§ **Task directions**: From the line containing "20. Черняк В." to the end of the records, print every line exactly, both ends included, and leave out the pictures.
BEGIN Recorded information
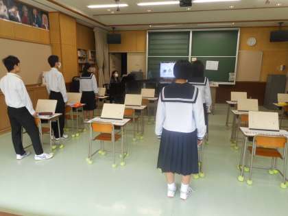 授業の始めに、歌詞の情景を思い浮かべながら校歌を歌いました。次はアルトリコーダーです。腹式呼吸を意識しながら「喜びの歌」を演奏しました。
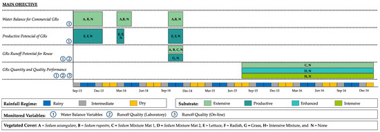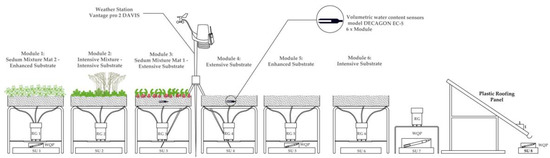 GR runoff quantity was monitored using tipping bucket rain gauges with a sampling rate of one minute and 0.1-mm resolution (DAVIS model rain collector II). Rainfall was measured with a sampling rate of one second and 0.2-mm resolution, using an ISCO tipping bucket rain gauge. In order to capture the experimental on-site hydrologic conditions, temperature and humidity were measured using a sampling rate of 1 min, by means of a DAVIS weather station model VANTAGE Pro 2. The schematic representation of the assembly of different GR modules during one of the monitoring periods is shown in Figure 3.
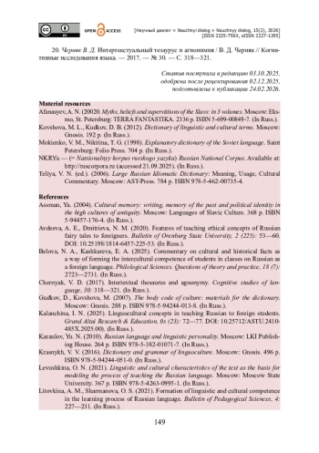 20. Черняк В. Д. Интертекстуальный тезаурус и агнонимия / В. Д. Черняк // Когнитивные исследования языка. - 2017. - № 30. - С. 318-321.
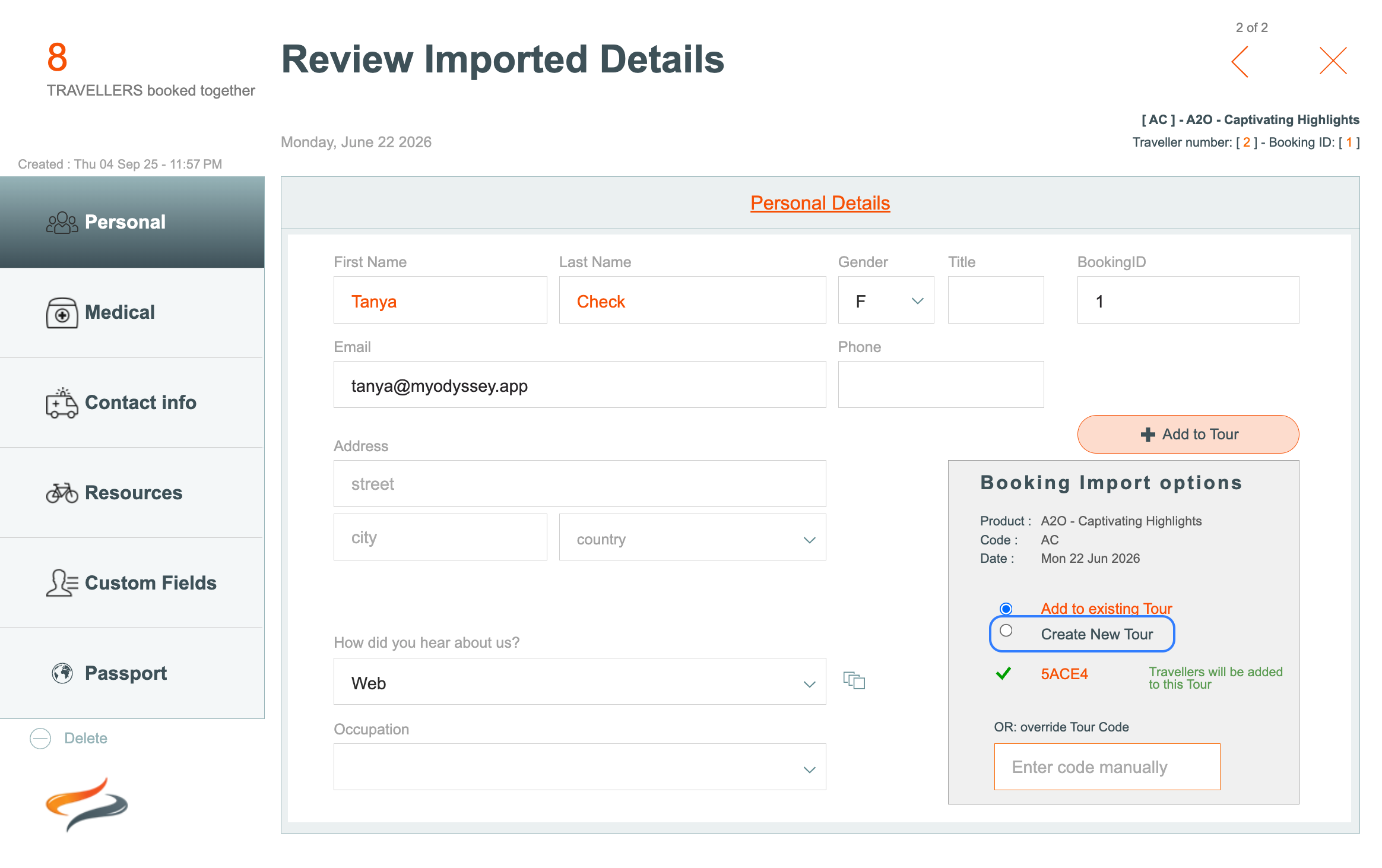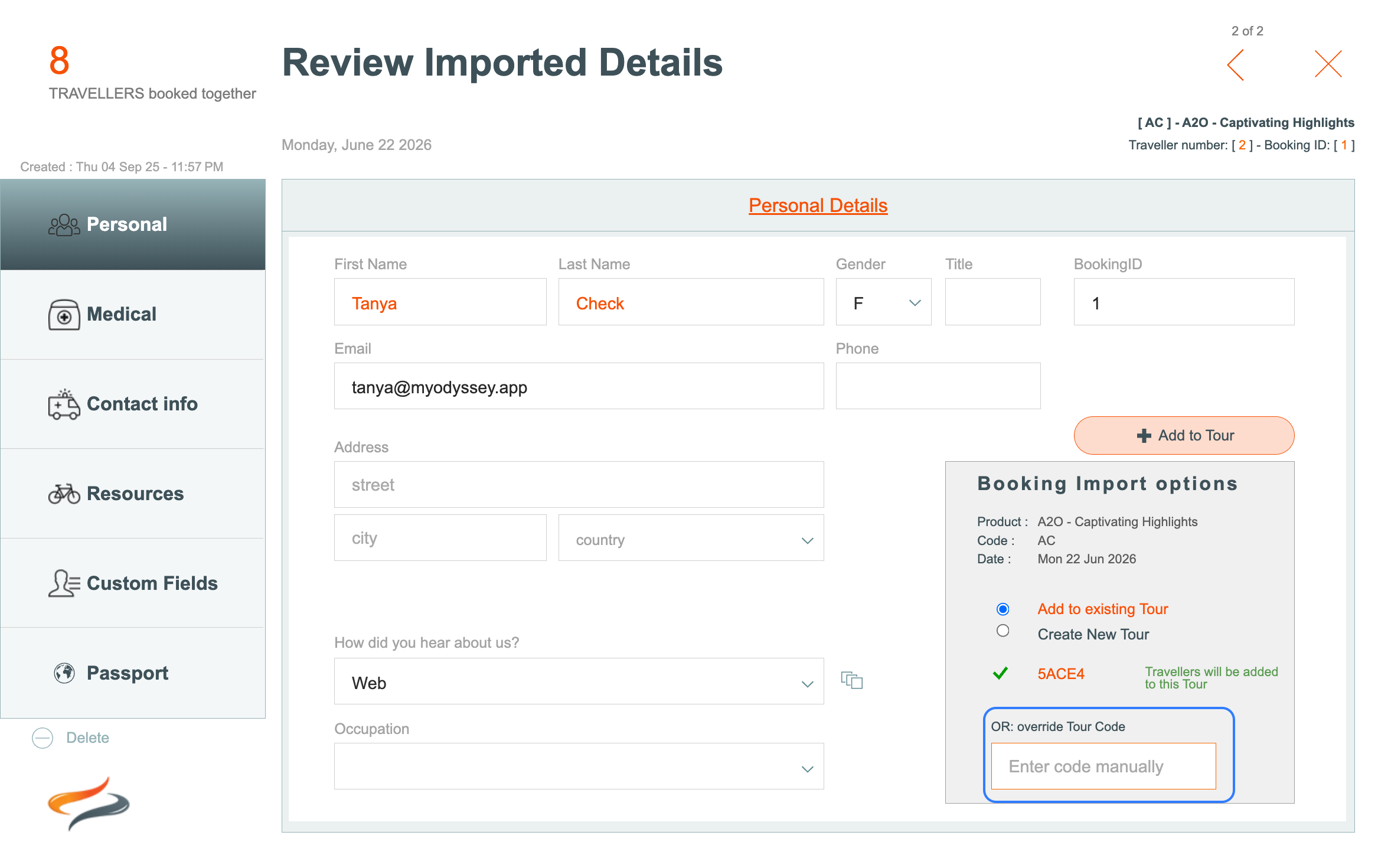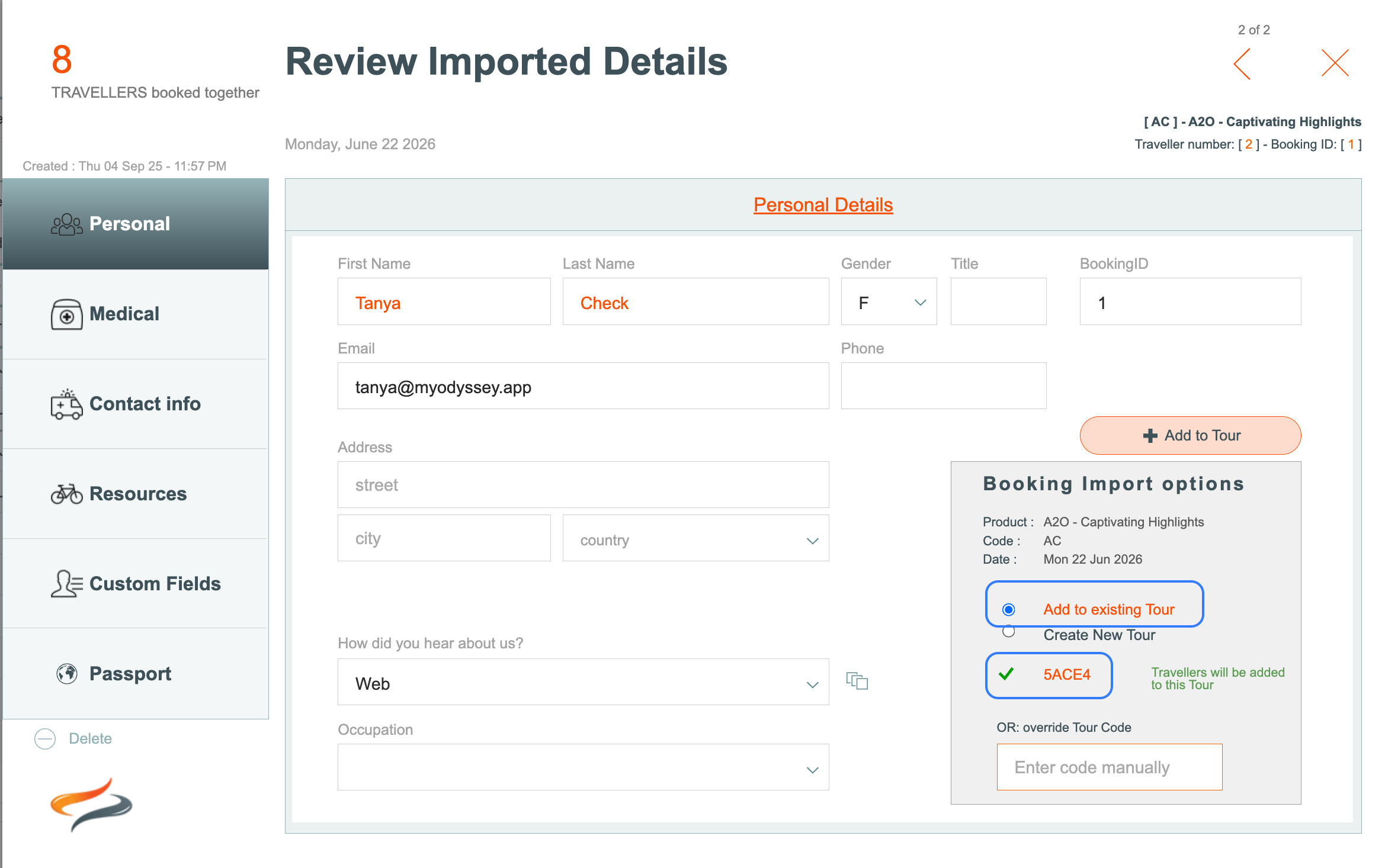 Stage 2 - Adding an imported booking to a tour
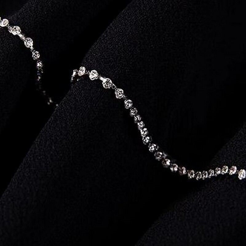 デコルテを美しく見せるボートネックと、ウエストのチェーンラインがアクセントになっています。シンプルなデザインながらも、洗練された大人の女性にぴったりの一枚です。
END Recorded information
§ **Exercise result**:
 20. Черняк В. Д. Интертекстуальный тезаурус и агнонимия / В. Д. Черняк // Когнитивные исследования языка. - 2017. - № 30. - С. 318-321.
 Stage 2 - Adding an imported booking to a tour
 デコルテを美しく見せるボートネックと、ウエストのチェーンラインがアクセントになっています。シンプルなデザインながらも、洗練された大人の女性にぴったりの一枚です。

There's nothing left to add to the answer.